Data to use:
-------
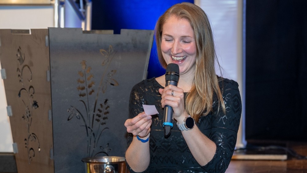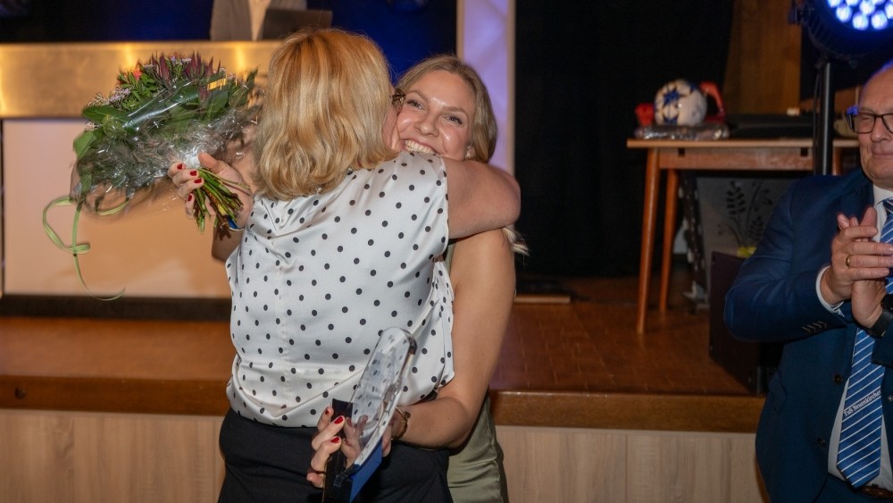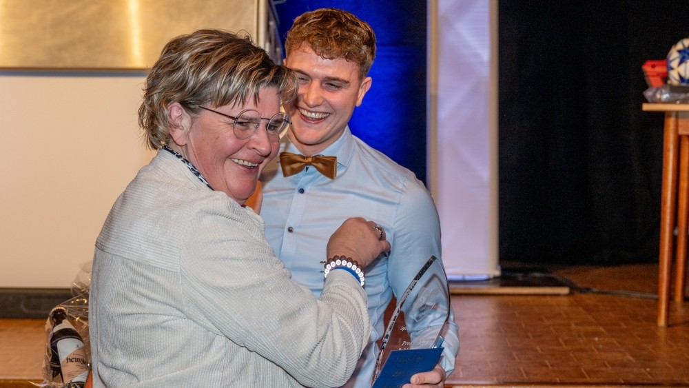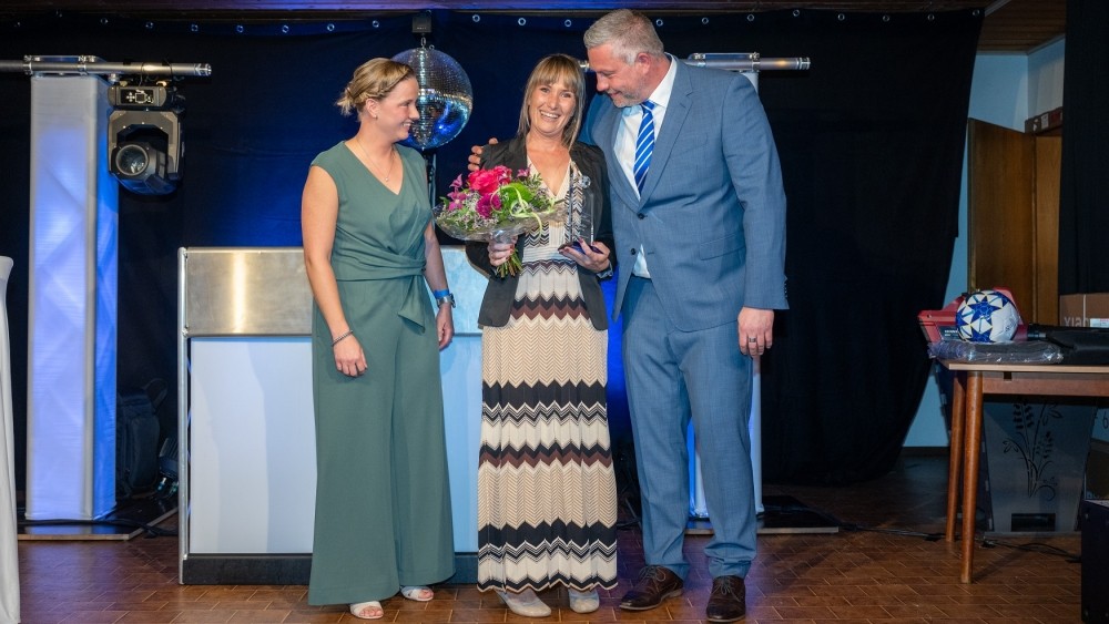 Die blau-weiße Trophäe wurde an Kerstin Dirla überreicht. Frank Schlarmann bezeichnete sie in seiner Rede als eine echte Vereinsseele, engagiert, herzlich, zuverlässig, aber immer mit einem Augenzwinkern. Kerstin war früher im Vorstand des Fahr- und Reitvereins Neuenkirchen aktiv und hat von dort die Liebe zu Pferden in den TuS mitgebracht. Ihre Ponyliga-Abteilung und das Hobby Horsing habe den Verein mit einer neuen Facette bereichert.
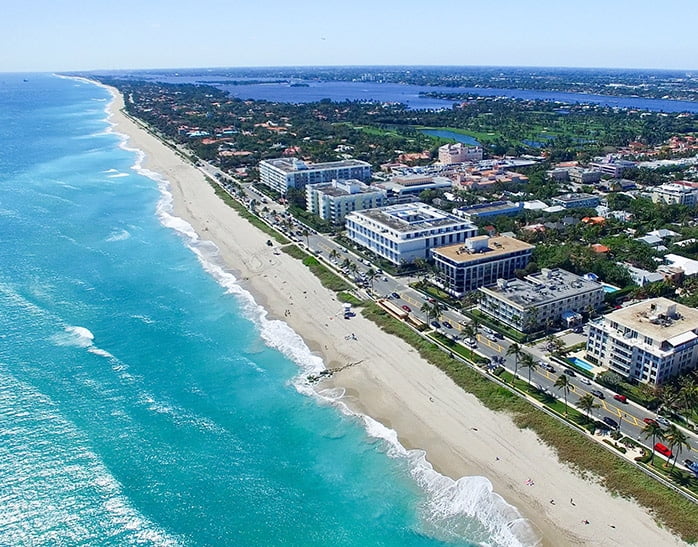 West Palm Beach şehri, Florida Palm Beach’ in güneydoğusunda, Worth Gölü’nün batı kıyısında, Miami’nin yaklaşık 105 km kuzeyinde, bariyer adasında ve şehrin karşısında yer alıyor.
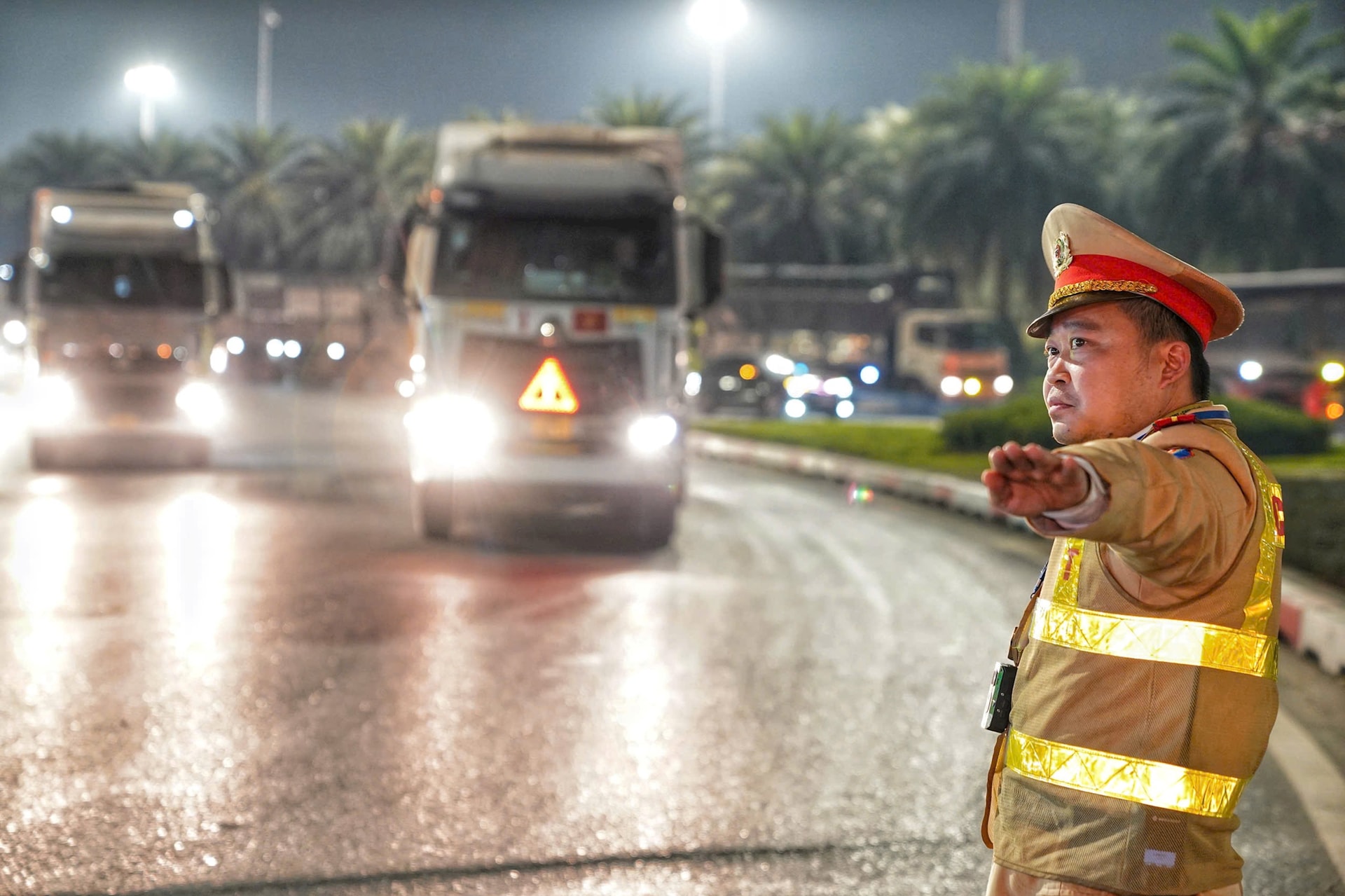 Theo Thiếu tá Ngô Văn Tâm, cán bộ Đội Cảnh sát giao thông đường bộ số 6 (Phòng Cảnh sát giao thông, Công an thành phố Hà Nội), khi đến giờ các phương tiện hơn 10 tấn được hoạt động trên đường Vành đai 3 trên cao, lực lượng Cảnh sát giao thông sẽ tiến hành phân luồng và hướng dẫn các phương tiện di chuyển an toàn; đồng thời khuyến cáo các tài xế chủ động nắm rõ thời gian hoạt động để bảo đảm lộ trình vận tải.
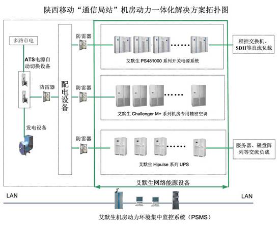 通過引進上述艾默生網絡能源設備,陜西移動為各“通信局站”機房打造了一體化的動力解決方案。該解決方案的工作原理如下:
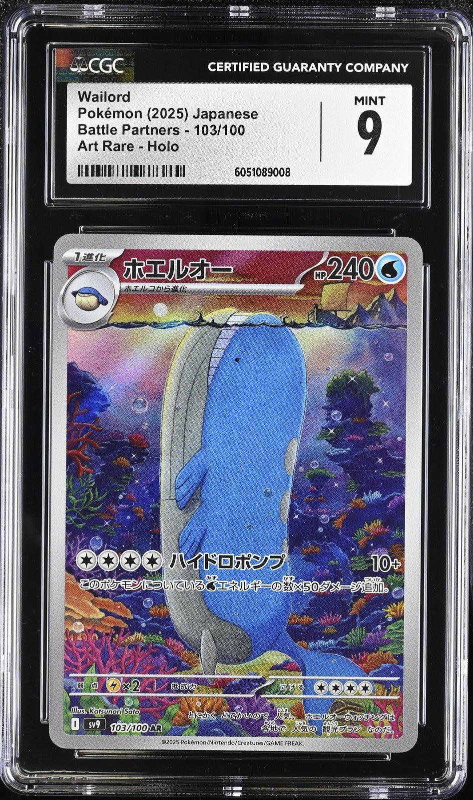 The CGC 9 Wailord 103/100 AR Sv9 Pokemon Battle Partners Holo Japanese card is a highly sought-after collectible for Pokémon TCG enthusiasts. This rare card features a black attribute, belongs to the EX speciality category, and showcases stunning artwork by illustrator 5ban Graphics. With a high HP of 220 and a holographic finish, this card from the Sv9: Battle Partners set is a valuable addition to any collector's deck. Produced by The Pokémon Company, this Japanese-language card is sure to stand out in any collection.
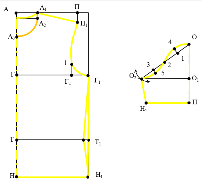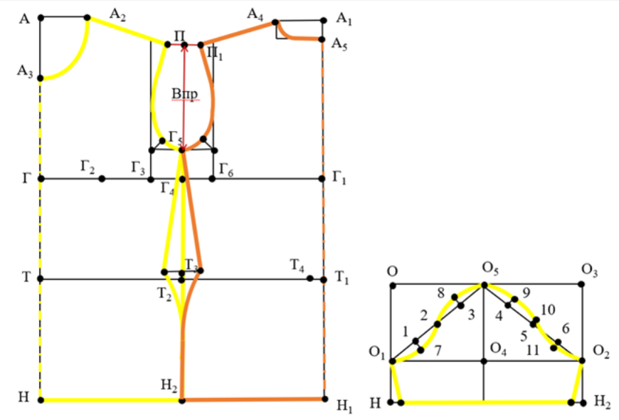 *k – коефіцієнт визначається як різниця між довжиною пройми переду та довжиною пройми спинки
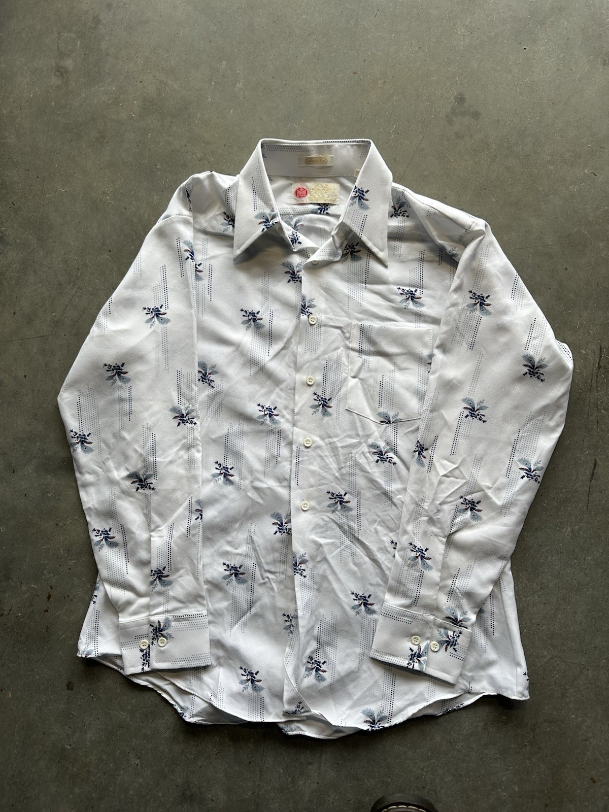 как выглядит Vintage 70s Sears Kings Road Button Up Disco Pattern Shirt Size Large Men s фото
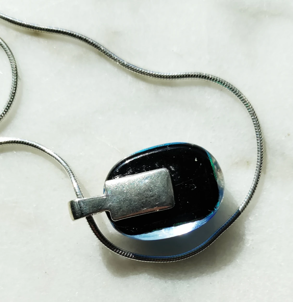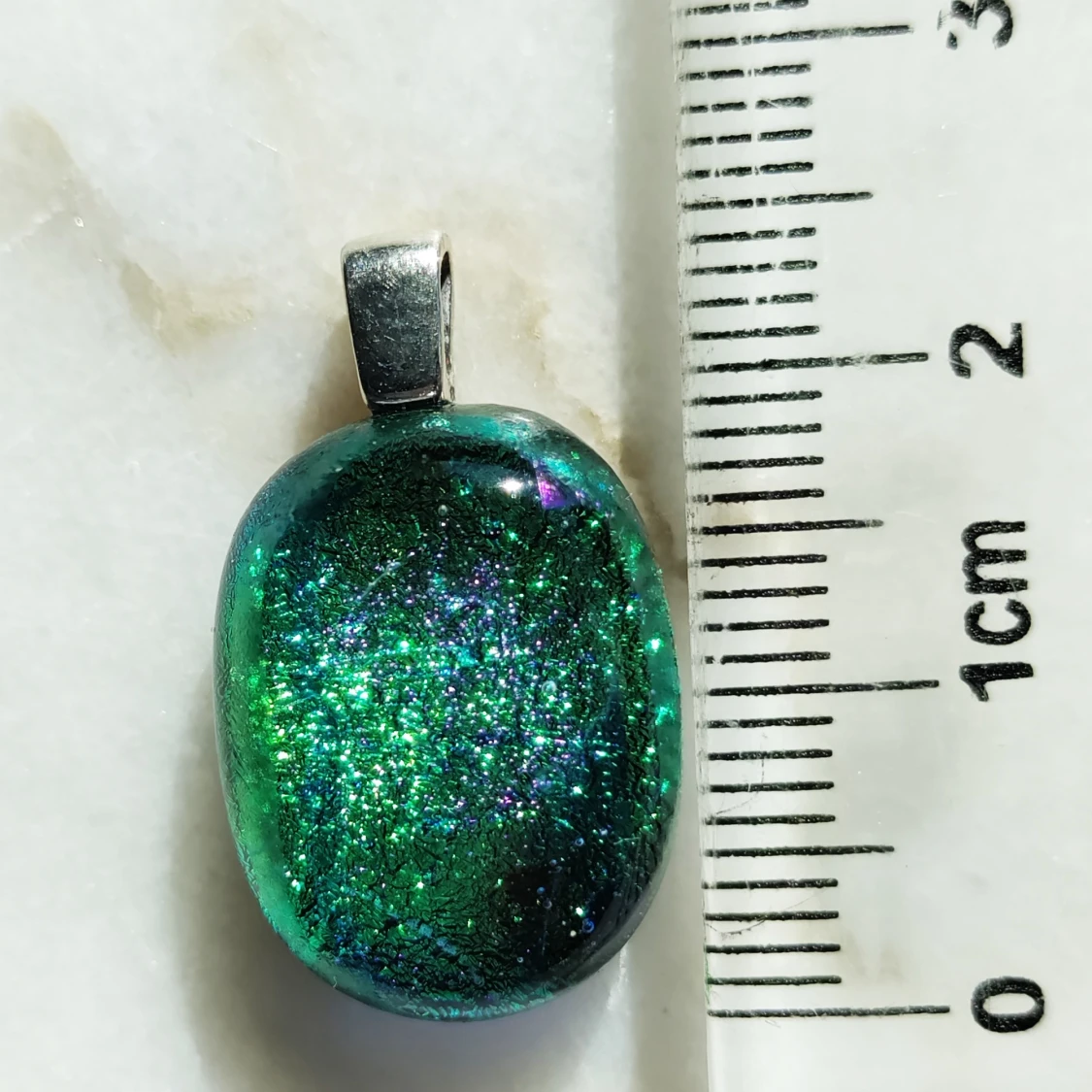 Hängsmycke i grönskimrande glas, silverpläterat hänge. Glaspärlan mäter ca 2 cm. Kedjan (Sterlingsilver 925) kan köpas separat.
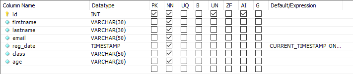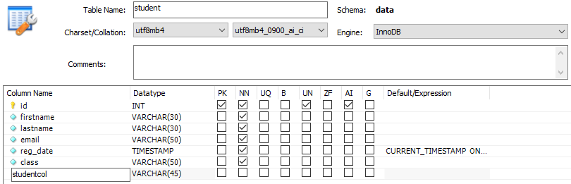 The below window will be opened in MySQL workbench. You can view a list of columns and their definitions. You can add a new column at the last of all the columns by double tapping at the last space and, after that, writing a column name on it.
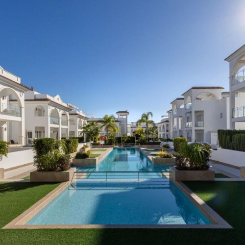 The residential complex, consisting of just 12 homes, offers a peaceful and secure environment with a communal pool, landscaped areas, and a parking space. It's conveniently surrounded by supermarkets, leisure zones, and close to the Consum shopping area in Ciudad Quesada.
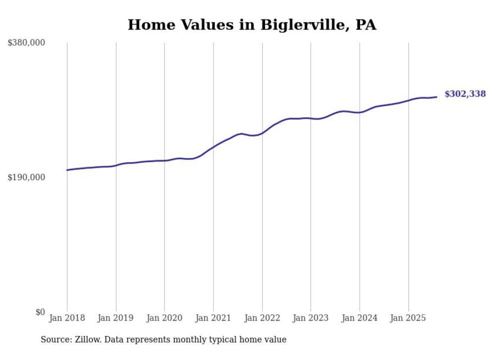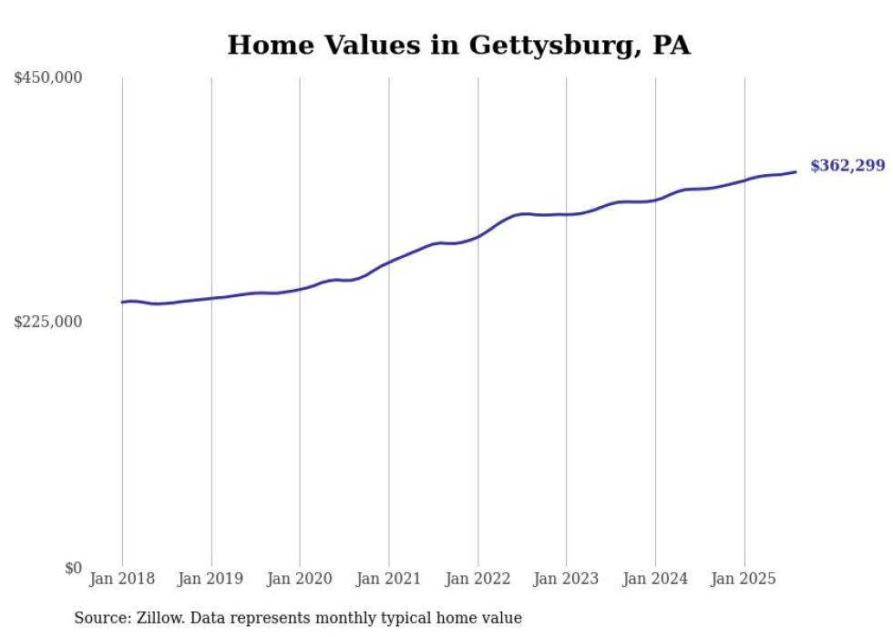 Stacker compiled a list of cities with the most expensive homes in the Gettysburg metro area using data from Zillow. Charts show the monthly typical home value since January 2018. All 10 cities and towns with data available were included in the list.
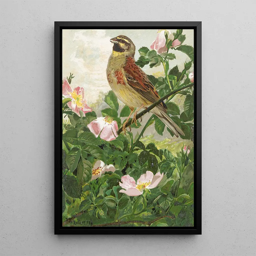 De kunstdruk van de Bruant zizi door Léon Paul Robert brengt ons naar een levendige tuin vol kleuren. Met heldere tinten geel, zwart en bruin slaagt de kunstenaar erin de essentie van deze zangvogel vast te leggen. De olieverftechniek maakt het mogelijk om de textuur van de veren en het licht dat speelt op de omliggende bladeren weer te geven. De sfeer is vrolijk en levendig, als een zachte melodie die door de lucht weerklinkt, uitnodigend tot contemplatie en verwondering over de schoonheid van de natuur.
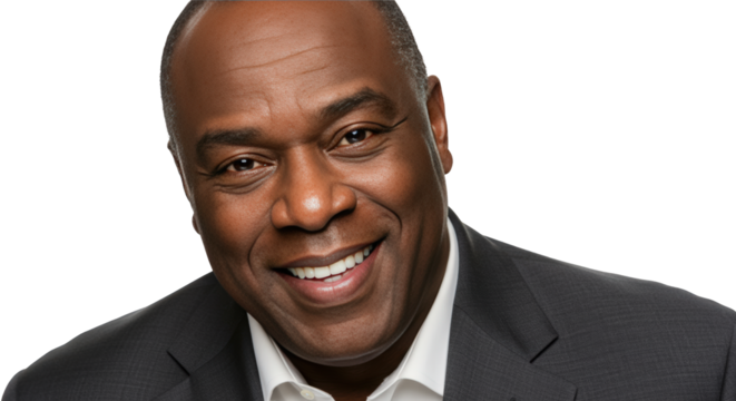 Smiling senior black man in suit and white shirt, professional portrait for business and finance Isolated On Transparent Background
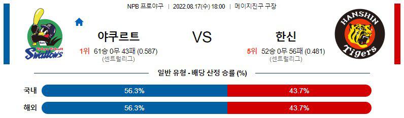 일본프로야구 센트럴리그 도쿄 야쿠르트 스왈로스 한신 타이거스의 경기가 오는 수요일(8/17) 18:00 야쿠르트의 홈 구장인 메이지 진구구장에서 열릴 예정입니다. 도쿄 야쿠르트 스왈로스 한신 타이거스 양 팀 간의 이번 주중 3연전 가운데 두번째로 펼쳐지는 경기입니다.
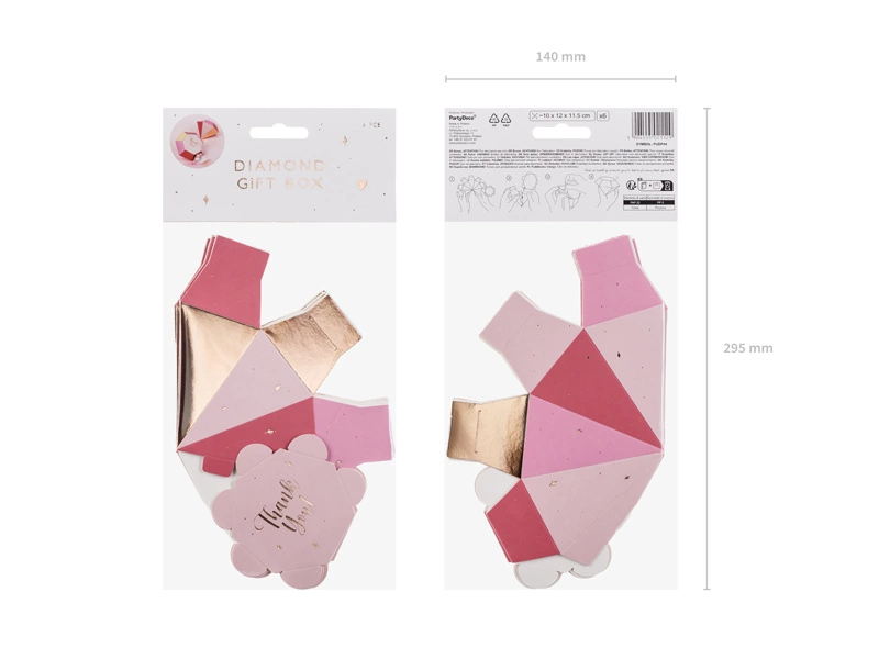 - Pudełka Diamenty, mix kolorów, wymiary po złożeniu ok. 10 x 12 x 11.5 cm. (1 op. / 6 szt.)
-------
Aim of the task: Return all the data exactly, pictures omitted.

Expected answer:
 Die blau-weiße Trophäe wurde an Kerstin Dirla überreicht. Frank Schlarmann bezeichnete sie in seiner Rede als eine echte Vereinsseele, engagiert, herzlich, zuverlässig, aber immer mit einem Augenzwinkern. Kerstin war früher im Vorstand des Fahr- und Reitvereins Neuenkirchen aktiv und hat von dort die Liebe zu Pferden in den TuS mitgebracht. Ihre Ponyliga-Abteilung und das Hobby Horsing habe den Verein mit einer neuen Facette bereichert.
 West Palm Beach şehri, Florida Palm Beach’ in güneydoğusunda, Worth Gölü’nün batı kıyısında, Miami’nin yaklaşık 105 km kuzeyinde, bariyer adasında ve şehrin karşısında yer alıyor.
 Theo Thiếu tá Ngô Văn Tâm, cán bộ Đội Cảnh sát giao thông đường bộ số 6 (Phòng Cảnh sát giao thông, Công an thành phố Hà Nội), khi đến giờ các phương tiện hơn 10 tấn được hoạt động trên đường Vành đai 3 trên cao, lực lượng Cảnh sát giao thông sẽ tiến hành phân luồng và hướng dẫn các phương tiện di chuyển an toàn; đồng thời khuyến cáo các tài xế chủ động nắm rõ thời gian hoạt động để bảo đảm lộ trình vận tải.
 通過引進上述艾默生網絡能源設備,陜西移動為各“通信局站”機房打造了一體化的動力解決方案。該解決方案的工作原理如下:
 The CGC 9 Wailord 103/100 AR Sv9 Pokemon Battle Partners Holo Japanese card is a highly sought-after collectible for Pokémon TCG enthusiasts. This rare card features a black attribute, belongs to the EX speciality category, and showcases stunning artwork by illustrator 5ban Graphics. With a high HP of 220 and a holographic finish, this card from the Sv9: Battle Partners set is a valuable addition to any collector's deck. Produced by The Pokémon Company, this Japanese-language card is sure to stand out in any collection.
 *k – коефіцієнт визначається як різниця між довжиною пройми переду та довжиною пройми спинки
 как выглядит Vintage 70s Sears Kings Road Button Up Disco Pattern Shirt Size Large Men s фото
 Hängsmycke i grönskimrande glas, silverpläterat hänge. Glaspärlan mäter ca 2 cm. Kedjan (Sterlingsilver 925) kan köpas separat.
 The below window will be opened in MySQL workbench. You can view a list of columns and their definitions. You can add a new column at the last of all the columns by double tapping at the last space and, after that, writing a column name on it.
 The residential complex, consisting of just 12 homes, offers a peaceful and secure environment with a communal pool, landscaped areas, and a parking space. It's conveniently surrounded by supermarkets, leisure zones, and close to the Consum shopping area in Ciudad Quesada.
 Stacker compiled a list of cities with the most expensive homes in the Gettysburg metro area using data from Zillow. Charts show the monthly typical home value since January 2018. All 10 cities and towns with data available were included in the list.
 De kunstdruk van de Bruant zizi door Léon Paul Robert brengt ons naar een levendige tuin vol kleuren. Met heldere tinten geel, zwart en bruin slaagt de kunstenaar erin de essentie van deze zangvogel vast te leggen. De olieverftechniek maakt het mogelijk om de textuur van de veren en het licht dat speelt op de omliggende bladeren weer te geven. De sfeer is vrolijk en levendig, als een zachte melodie die door de lucht weerklinkt, uitnodigend tot contemplatie en verwondering over de schoonheid van de natuur.
 Smiling senior black man in suit and white shirt, professional portrait for business and finance Isolated On Transparent Background
 일본프로야구 센트럴리그 도쿄 야쿠르트 스왈로스 한신 타이거스의 경기가 오는 수요일(8/17) 18:00 야쿠르트의 홈 구장인 메이지 진구구장에서 열릴 예정입니다. 도쿄 야쿠르트 스왈로스 한신 타이거스 양 팀 간의 이번 주중 3연전 가운데 두번째로 펼쳐지는 경기입니다.
 - Pudełka Diamenty, mix kolorów, wymiary po złożeniu ok. 10 x 12 x 11.5 cm. (1 op. / 6 szt.)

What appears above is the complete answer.